== RECORDED DATA ==

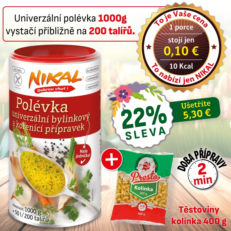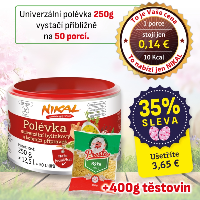 Hlavní přednost: NIKAL Polévka podtrhuje přirozenou vlastní chuť Vašich pokrmů, aniž by ji potlačila. Snadno se sype, ihned se rozpouští ve studené i teplé vodě. Ideální i jako chutný čirý vývar na svačinku nebo jako polévkový nápoj.
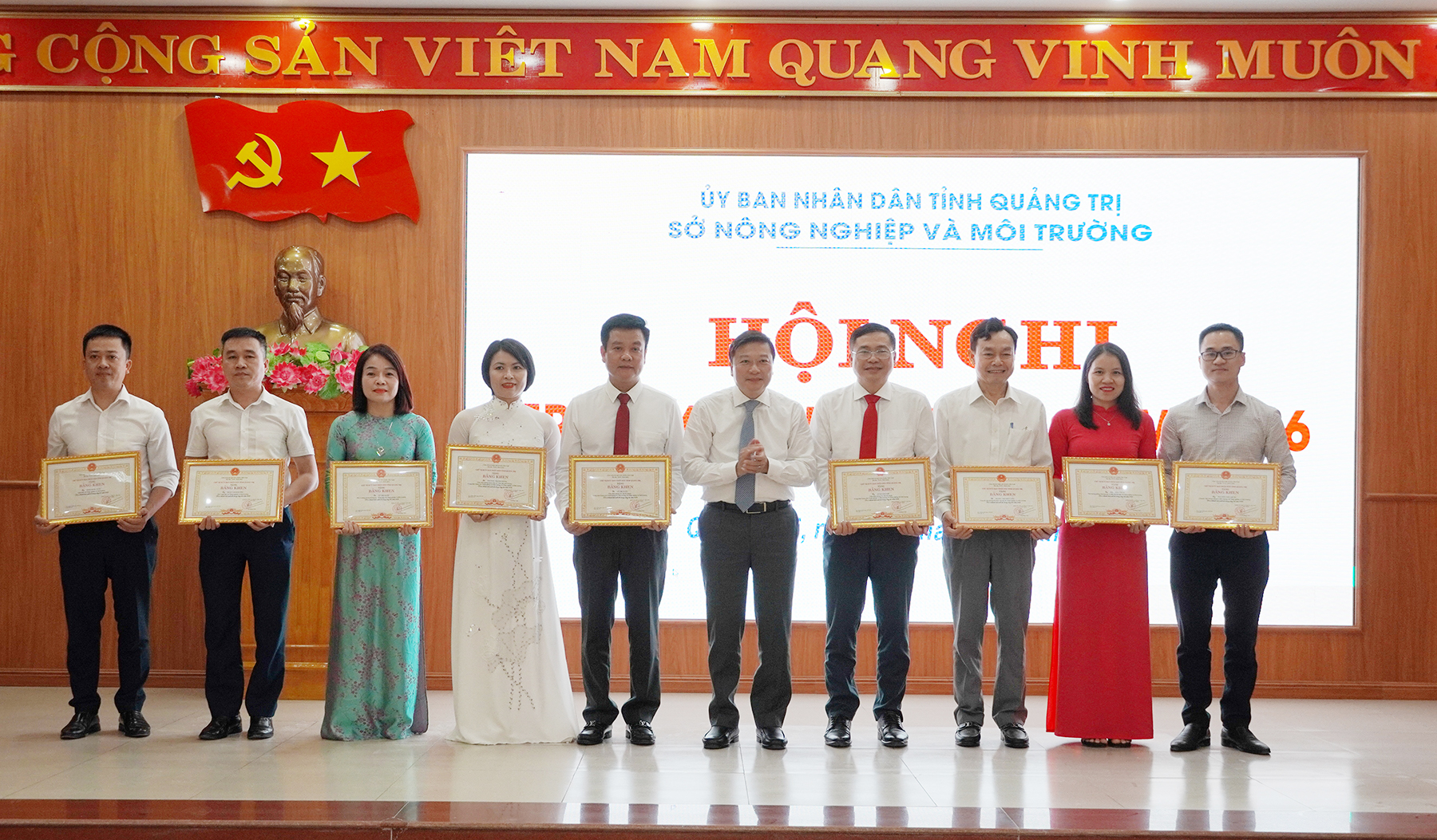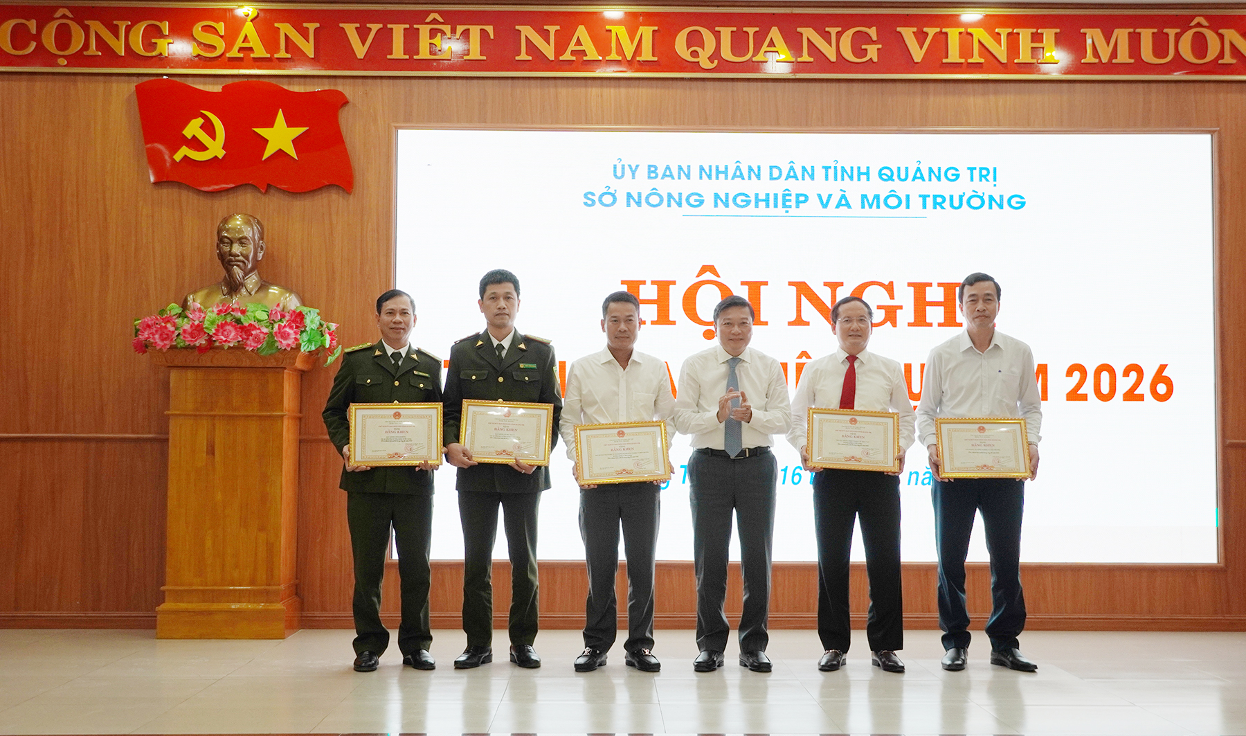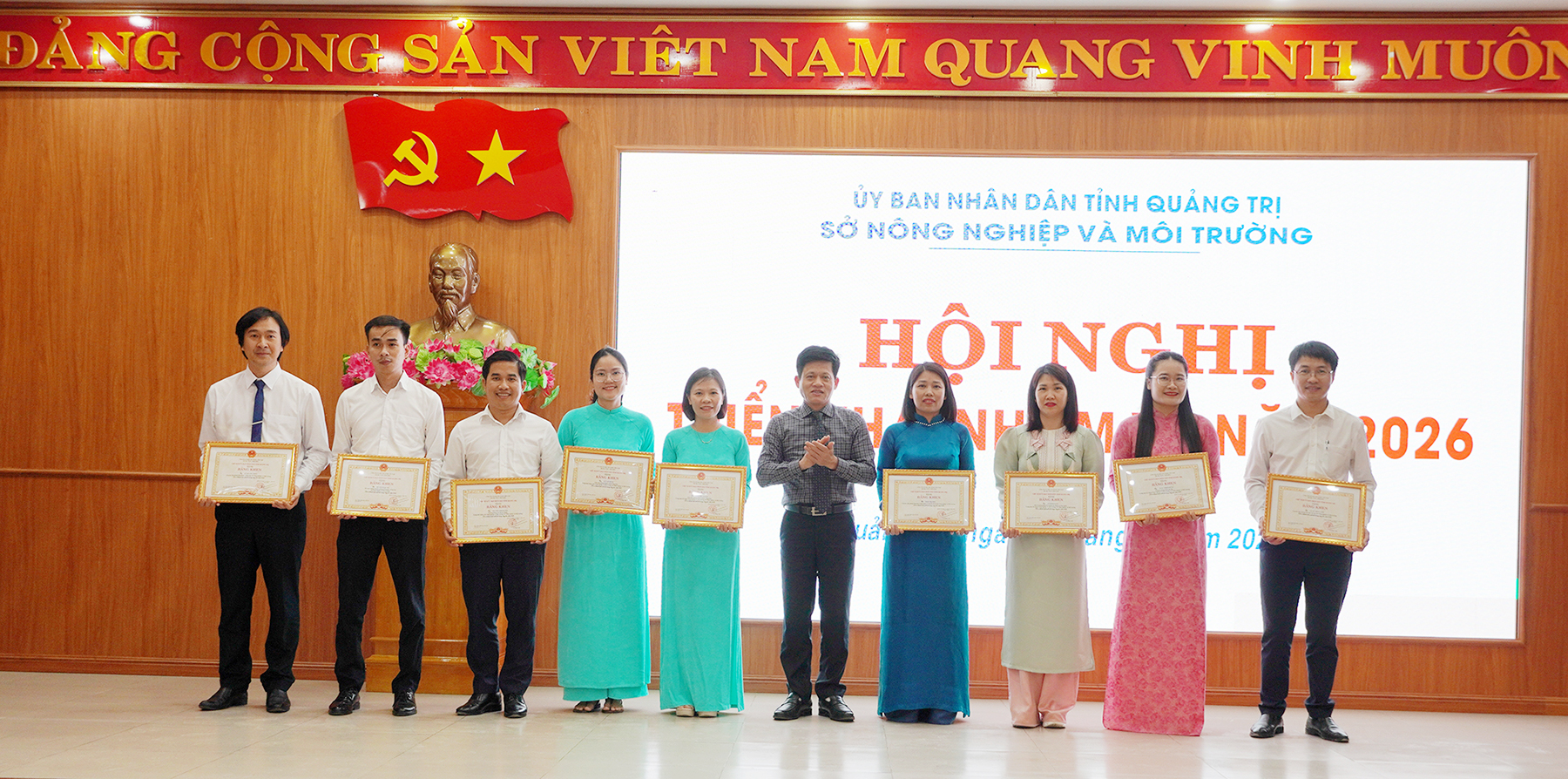 Nhân dịp này, Chủ tịch UBND tỉnh đã tặng thưởng Bằng khen cho 5 tập thể và 18 cá nhân thuộc ngành Nông nghiệp và Môi trường có nhiều thành tích xuất sắc trong công tác năm 2025.
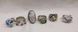 2044 Six sterling Silver lady's gemstone (simulated and natural) rings Six sterling Silver lady's gemstone (simulated and natural) rings. Total Weight of Rings 49.00 dwt; 2.45 ozt. Sizes vary
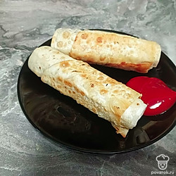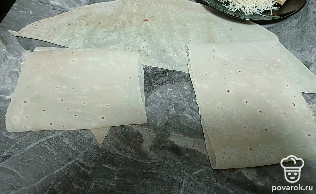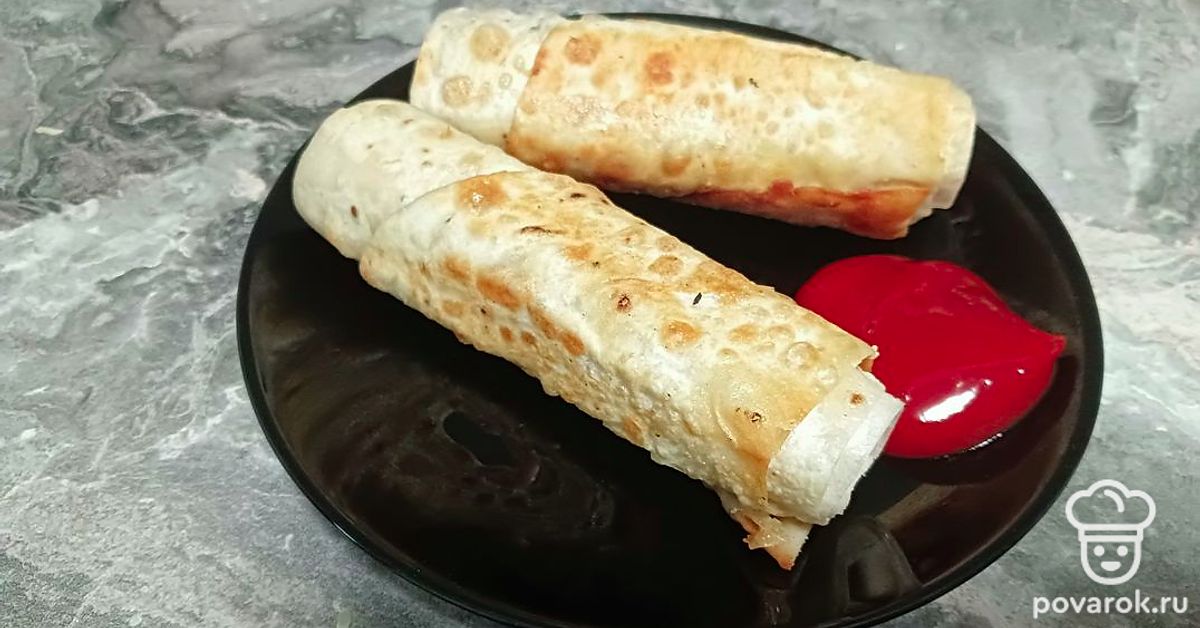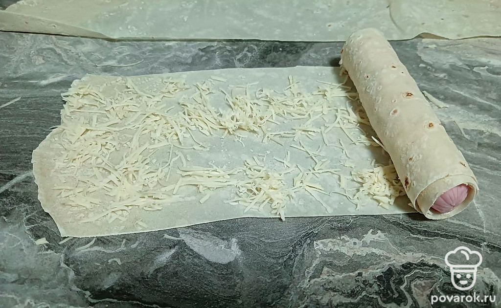 На полоску лаваша выложите тертый сыр, сосиску выложите с краю. И сверните в плотный рулетик.
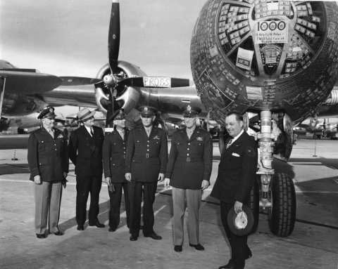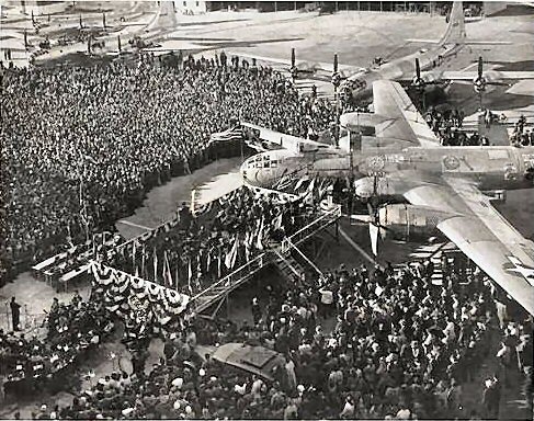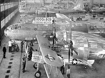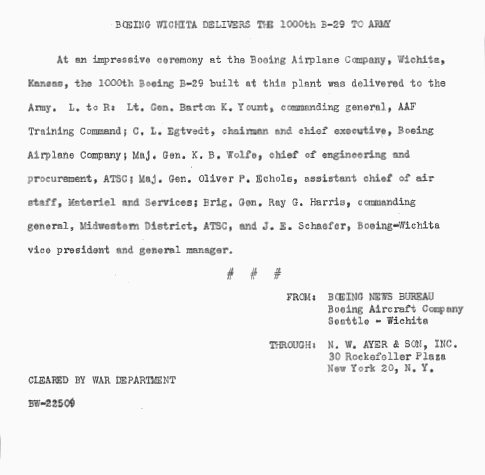 | Favored by warm breezes and under a blue Kansas Sky, a vast crowd attends the delivery ceremony on the Boeing-Wichita flight apron at 4:15 P.M., 2/14/1945 |
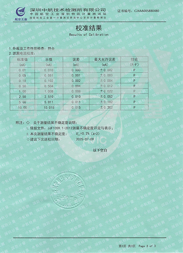 5. 漏電電流精度:1級
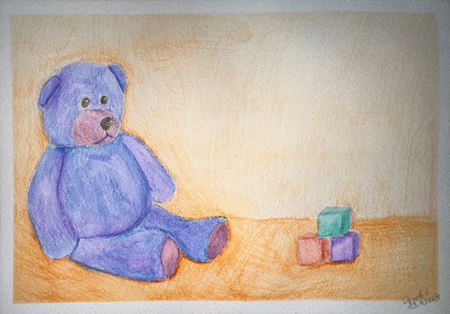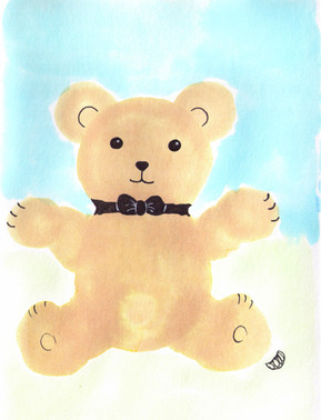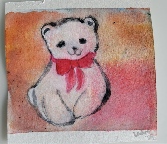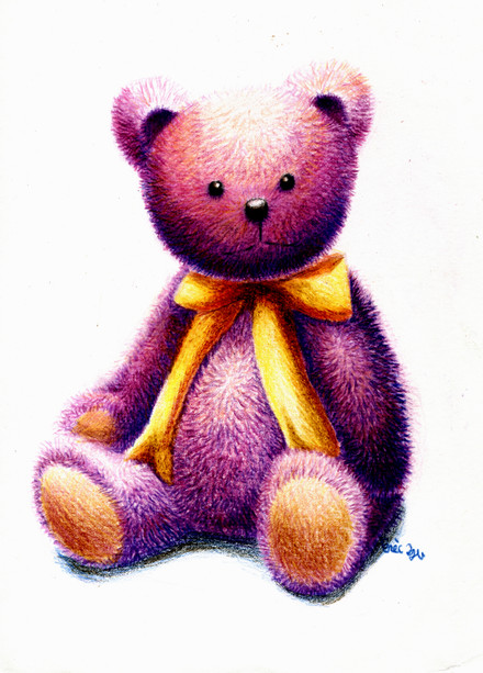 My Bear. I've had this guy since long before I met my husband. poor thing is starting to get a bit worn.I'm really pleased with the color on this one, I was using my tiny split primary pallet, and I managed to get a pretty good purple out of it. I spent a couple of hours a week or so ago just mixing colors and making color wheels and I think it really paid off.
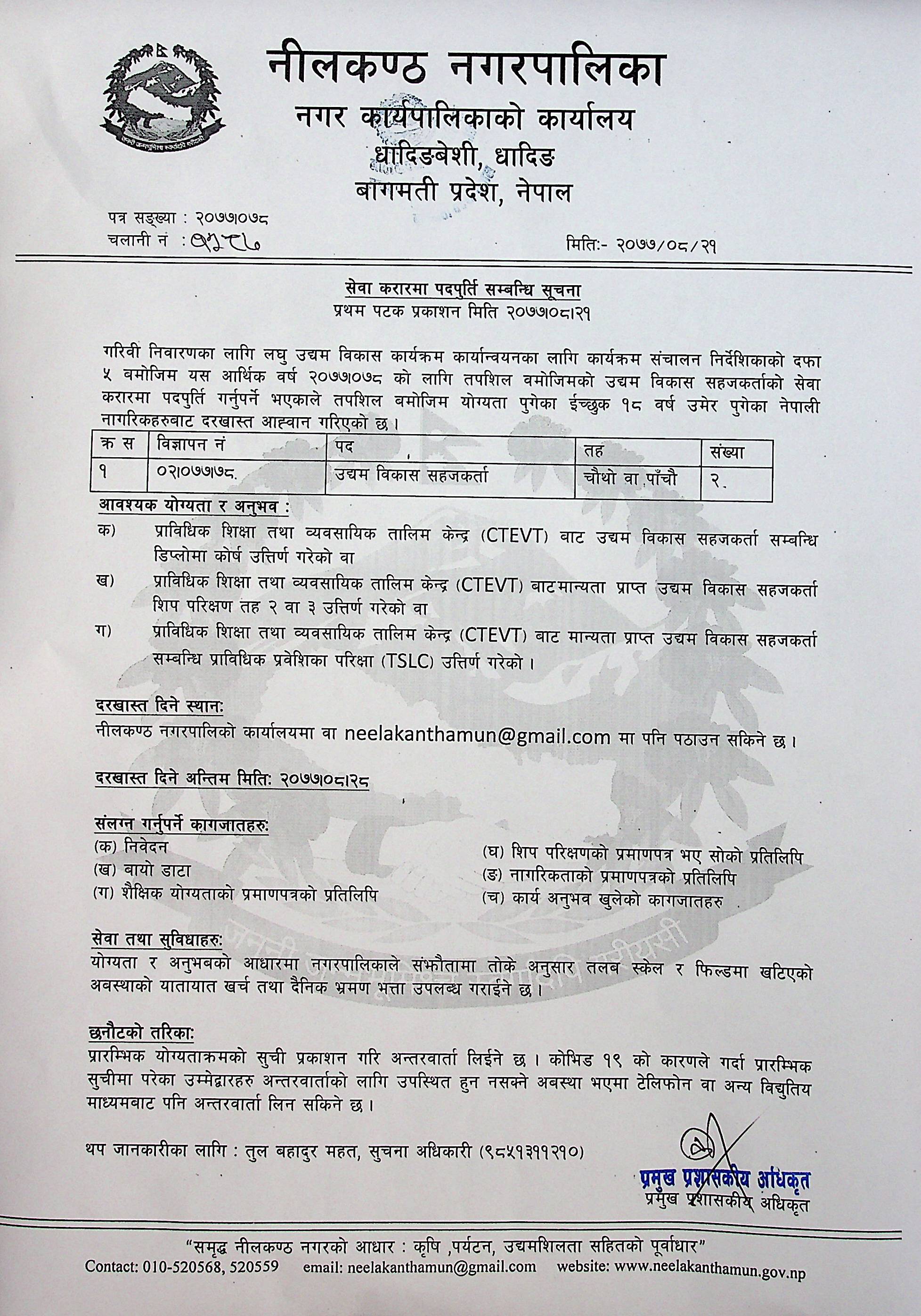सेवा करारमा पदपूर्ति सम्बन्धि सूचना

===

WHAT IS EXPECTED: Every line above from the one with "Nhân dịp này, Chủ" down to the one with "2044 Six sterling" must be written out exactly, and no picture may appear.

TASK SOLUTION:
 Nhân dịp này, Chủ tịch UBND tỉnh đã tặng thưởng Bằng khen cho 5 tập thể và 18 cá nhân thuộc ngành Nông nghiệp và Môi trường có nhiều thành tích xuất sắc trong công tác năm 2025.
 2044 Six sterling Silver lady's gemstone (simulated and natural) rings Six sterling Silver lady's gemstone (simulated and natural) rings. Total Weight of Rings 49.00 dwt; 2.45 ozt. Sizes vary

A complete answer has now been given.